Decorative roof-finials are a common feature of Malaysian religious and residential architecture. In Malacca, Malaysia, there are 38 mosques with traditional roof finials, with layered and crown-shaped designs, which are known as Makhota Atap Masjid. On mosques built after the 20th century, these finials have been replaced by "bulbous domes". Other terms for roof finials include: Tunjuk Langit and Buah Buton (East Coast) as well as Buah Gutung (Kelantan and Terengganu). The Makhota Atap Masjid finials are made of mixed concrete, and the Buah Buton are made of wood.

In Japanese architecture, chigi are finials that were used atop Shinto shrines in Ise and Izumo and the imperial palace.

In Java and Bali, a rooftop finial is known as mustaka or kemuncak.

In Thailand finials feature on domestic and religious buildings. Hti is a kind of finial found on Burmese Buddhist temples and pagodas. On Buddhist stupas, the layered umbrella (Skt. chhatra; Pali: chhatta) tiers have cosmological significance as representing the realms of heavens or the trunk of a cosmic tree. Even the stupa itself (comparatively smaller) can be a finial to a Stupa or other Buddhist religious structure.

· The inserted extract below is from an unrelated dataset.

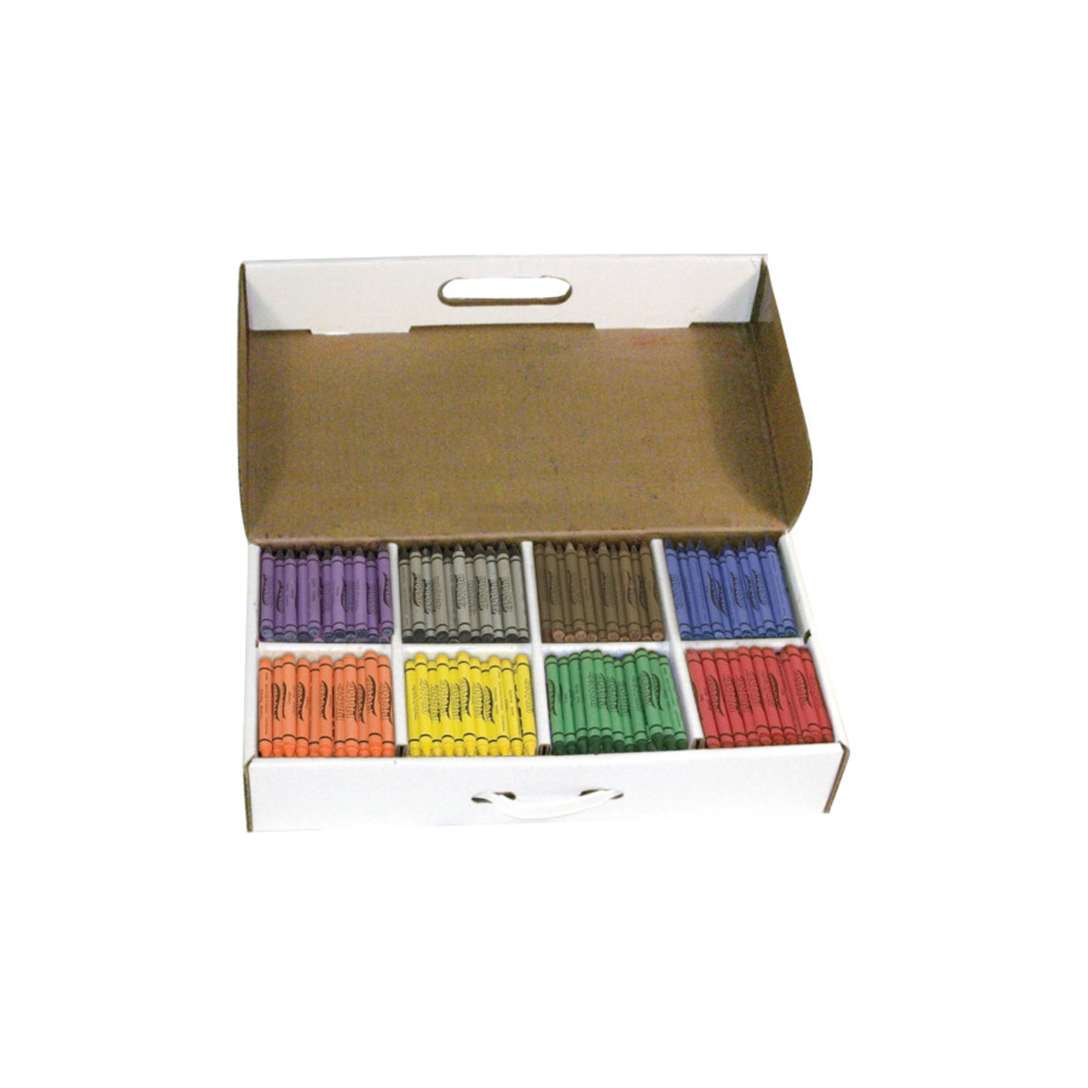 Prang crayons are made from a unique soy bean formulation. These crayons are made from 100% renewable resources and do not include paraffin wax. This formula makes our crayons brighter and smoother than ordinary wax crayons. All prang crayons are AP certified non-toxic. Each masterpack includes 400 crayons, 50 each of 8 colors.

The kalasha is a finial on Hindu temples. In the Dravidian style of temple architecture, the kalasha is placed on top of a dome with an inverted lotus flower shape in between. There may also be lotus petals at the top, before the kalasha narrows to a single point, or bindu.

There are two guldastas, or finials, per facade at Humayun's Tomb.

Finials are decorative elements in a variety of American domestic architectural styles, including French colonial, Georgian, Victorian, and Romanesque Revival.

Roof finials can be made from a variety of materials including clay, metal, or wood.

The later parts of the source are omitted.